In my opinion (and I'm no expert), I do not think cutting more calories is the answer. I would suggest the following:
1) Change up your mixture of foods - if you eat high carbs, try incorporating more protein. Low fat? Up the good fats (nuts, avocados, olive oil, etc). High protein? Introduce more healthy, whole grains & natural carbs.
2) Watch the sugar - dairy & fruit, in particular. I had to eliminate dairy to drop the last 10 lbs. It was temporary, and I supplemented with 1000mg calcium (taken at 2 times of day as the body cannot absorb more than 500mg at once) + extra Vitamin D and 500mg magnesium. I continue to do this today.

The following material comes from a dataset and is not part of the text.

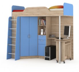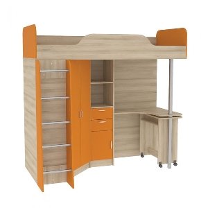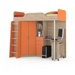 Детская Двухэтажная кровать с раскладным столом, пеналом и шкафом для детей старше 5-ти лет.Кровать чердак КЧО 113 – это многофункциональный комплекс состоящий из шкафа с полками и штангой для плечиков, пенала с выдвижными ящиками и тумбами и раскладного стола.

3) Mix up your workouts. Whatever you are doing, try something new. Intervals are great, too (and fun!).
4) Get more sleep - sounds crazy, but your body is working HARD. Take care of it.
5) Celebrate your success - you need to take time to rejoice in the success you have achieved thus far! You are doing awesome, don't forget to enjoy the moment.
Basically, those last 10 lbs for me were all about changing it up. You could also try calorie cycling, which may help. You need to keep your body guessing...and it helps you to not get bored.